## [WHAT TO DO]
Output the full listing exactly as written, with no pictures in it.

## [SUPPLIED DATA]
★ ★ ★ ★ ★ ★ ★

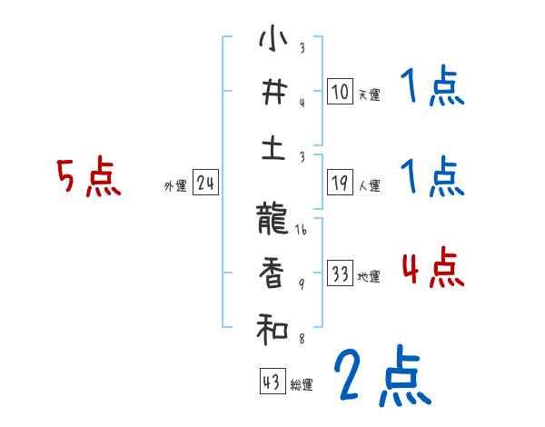 外運![]() | 小井土龍香和さんの外運は24画の5つ星!家庭運が良く順調な人生。金運にも恵まれる。 生活面を象徴する運勢です。外部から受ける影響力を表し、結婚運、家庭運や職場、環境への順応性を表します。 |
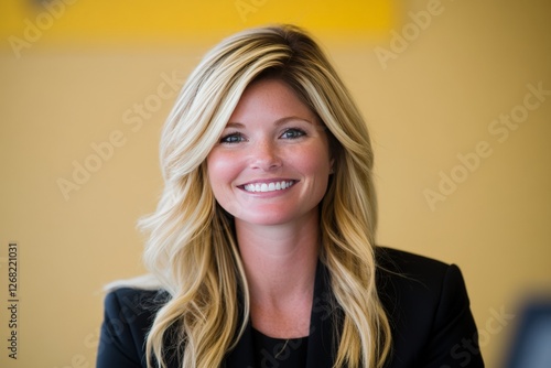 Smiling blonde businesswoman in black blazer standing in modern office exuding confidence professionalism and career success in corporate workplace setting
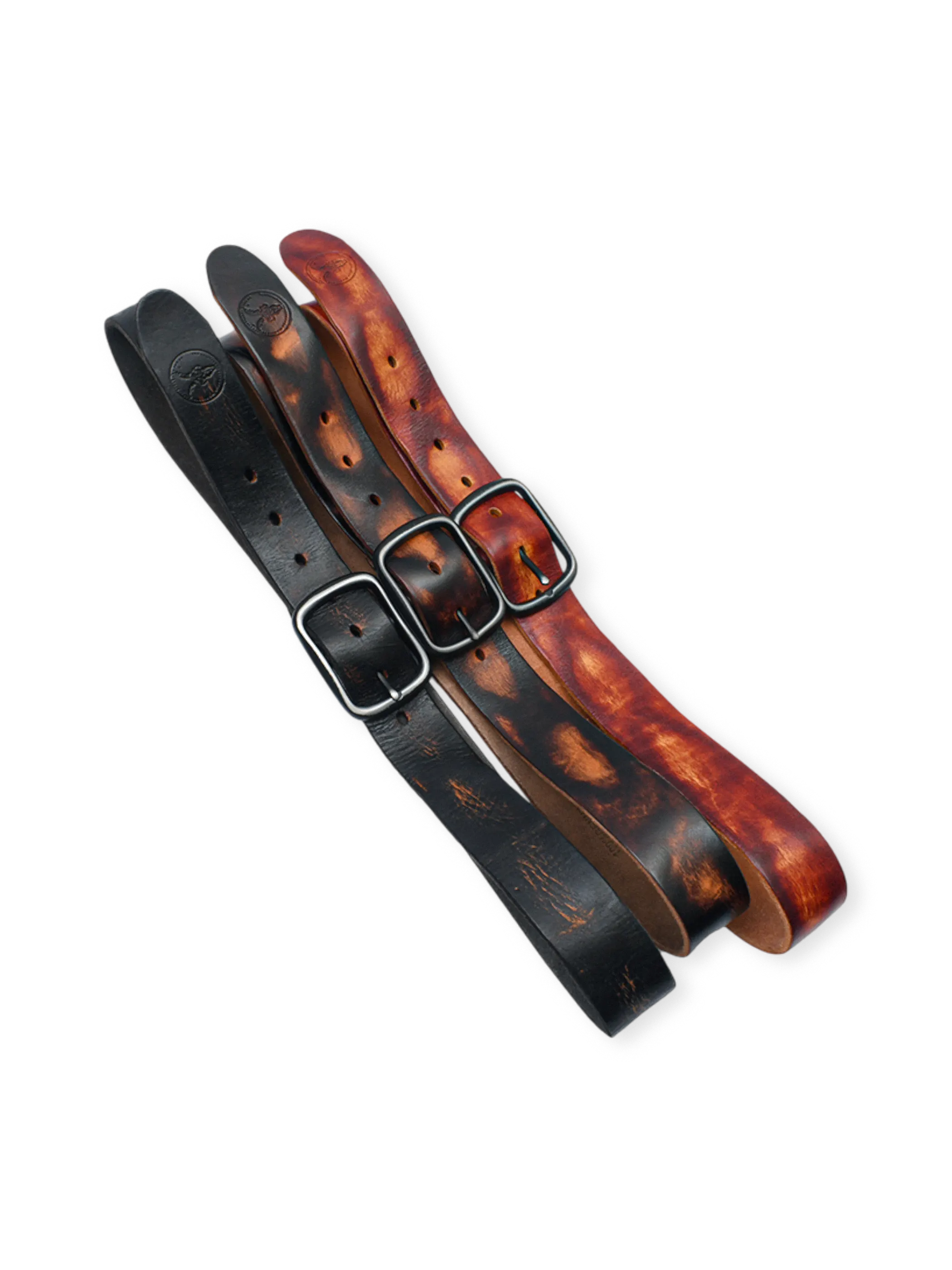 本ベルトは頭層植鞣牛革を使用し、ウォッシュ加工により独自のヴィンテージな質感を実現。幅3.4cmのデザインは視覚的に重厚かつスタイリッシュな印象を与え、各種長さの選択が可能なため、さまざまな体型にフィットします。クラシックなスナップバックルと丁寧なステッチ加工が、英国風のヴィンテージスタイルとアメリカンヴィンテージのエッセンスを融合し、デニムやワークパンツなどカジュアルなアイテムと合わせることで、硬派でありながら洗練されたコーディネートを演出します。
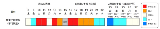 関東甲信地方の気温は、1月20日頃まで寒気の影響を受けにくいため高く、かなり高い日もありますが、その後は寒気の影響を受けやすいため低い日が多く、かなり低くなる可能性があります。気温の変動が大きい見込みです。

★ ★ ★ ★ ★ ★ ★

## [RESPONSE TO THE EXERCISE]
 外運![]() | 小井土龍香和さんの外運は24画の5つ星!家庭運が良く順調な人生。金運にも恵まれる。 生活面を象徴する運勢です。外部から受ける影響力を表し、結婚運、家庭運や職場、環境への順応性を表します。 |
 Smiling blonde businesswoman in black blazer standing in modern office exuding confidence professionalism and career success in corporate workplace setting
 本ベルトは頭層植鞣牛革を使用し、ウォッシュ加工により独自のヴィンテージな質感を実現。幅3.4cmのデザインは視覚的に重厚かつスタイリッシュな印象を与え、各種長さの選択が可能なため、さまざまな体型にフィットします。クラシックなスナップバックルと丁寧なステッチ加工が、英国風のヴィンテージスタイルとアメリカンヴィンテージのエッセンスを融合し、デニムやワークパンツなどカジュアルなアイテムと合わせることで、硬派でありながら洗練されたコーディネートを演出します。
 関東甲信地方の気温は、1月20日頃まで寒気の影響を受けにくいため高く、かなり高い日もありますが、その後は寒気の影響を受けやすいため低い日が多く、かなり低くなる可能性があります。気温の変動が大きい見込みです。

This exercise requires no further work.